Błędne dane? Prosimy o powiadomienie nas hi@itinari.com.
Ta historia podróży jest tłumaczona przy pomocy technologii.
Tekst ten został przetłumaczony na Polski z oryginalnego języka English.
Hotel Sanderson to bogate "Urban Spa" w samym sercu londyńskiego West Endu.
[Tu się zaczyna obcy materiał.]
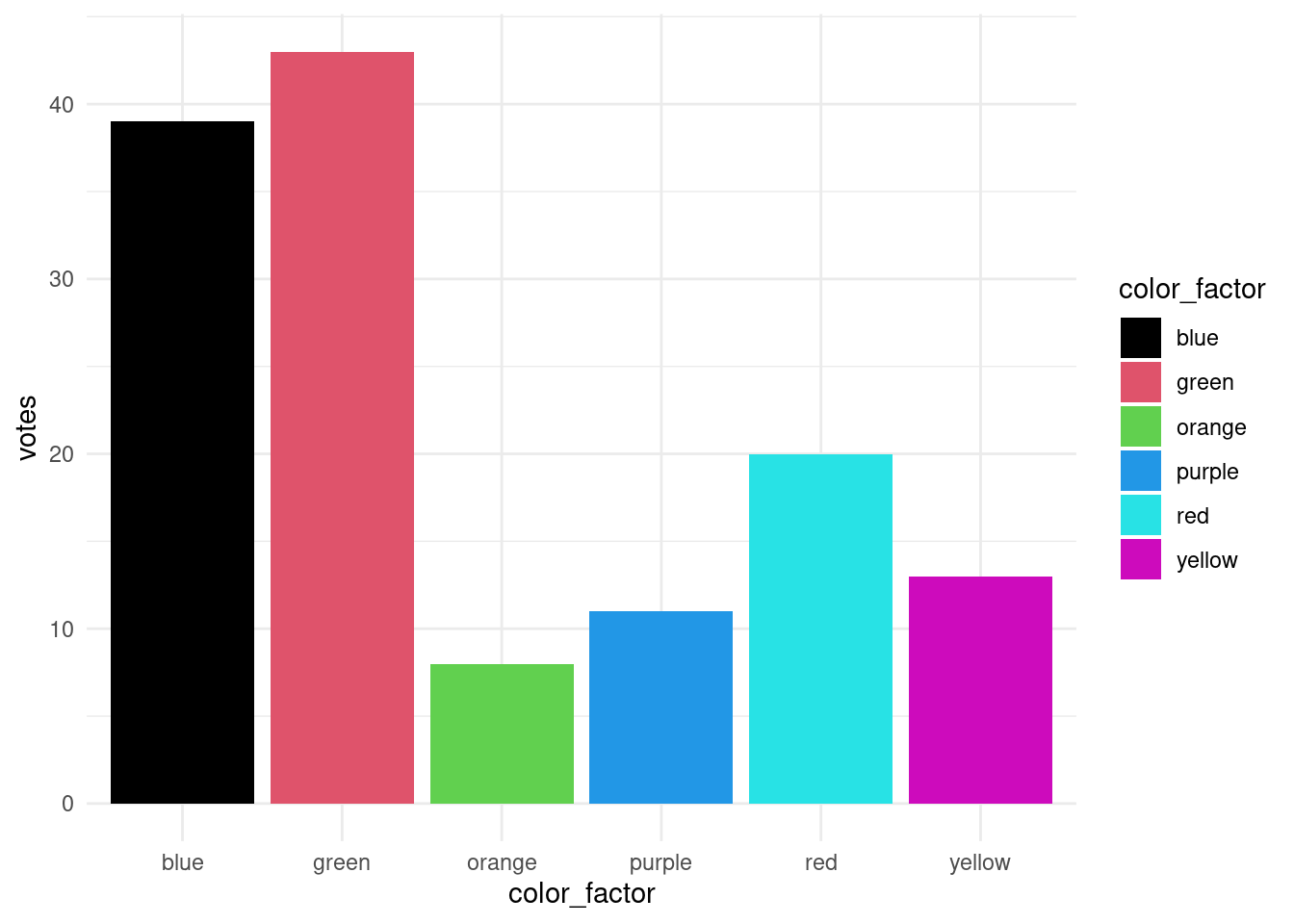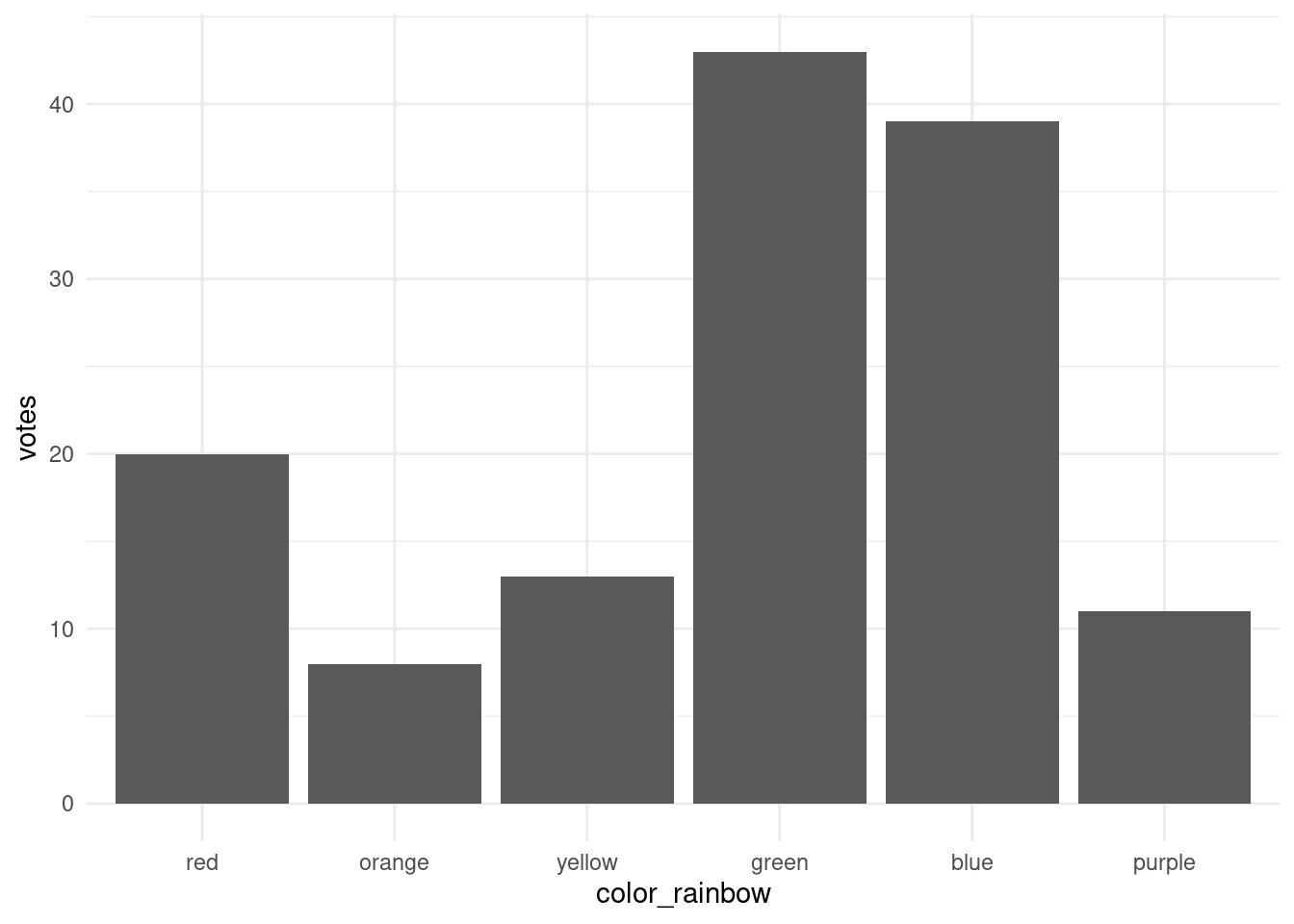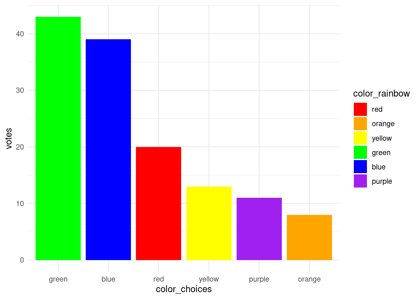 However, one small nitpick” the order of the fill colors in the legend is the same as the order on the x-axis, but maybe we’d like it to be in “rainbow” order. Here’s one last example, showing that you can “mix and match” a bit, where we can use the factor that’s ordered by the number of votes to set the x-axis order, but then use the factor ordered by our manual “rainbow order” to set the order of the fill values.

Oferuje on odosobnienie od zgiełku miasta w świat fantazji i dobrego samopoczucia. Przełomowy budynek z lat 50. został przekształcony przez Philippe'a Starcka w surrealistyczny świat marzeń, przypominający Cocteau, uosabiający "nowy luksus", który jest sprytny, stonowany i odprężony zdrową dawką dowcipu i ironii. Przy braku "normalnych" ścian i szklanej fasady od podłogi do sufitu, która dyfunduje naturalne światło przez przepływające warstwy eterycznych zasłon, wewnętrzne/zewnętrzne lobby Sandersona to warstwowe i wyrafinowane środowisko, które jest całkowicie oryginalne. Wizjonerski styl Starcka łączy barokowy i nowoczesny, otaczając niezwykły Ogród Dziedzińców zaprojektowany przez Philipa Hicka, zestawiając przeklęte czerwone usta Salvadora Dali z klasyczną mozaiką lat 60-tych i ręcznie rzeźbionymi meblami afrykańskimi z ponadwymiarowym pancerzem Ludwika XV. Rezultat łączy dowcip, magię i niespodziankę w eleganckim, równoważącym ekstrawagancję i czystą prostotę aranżacji.
Chcesz zaplanować podróż tutaj? Porozmawiaj z asystentką podróży AI, Mayą.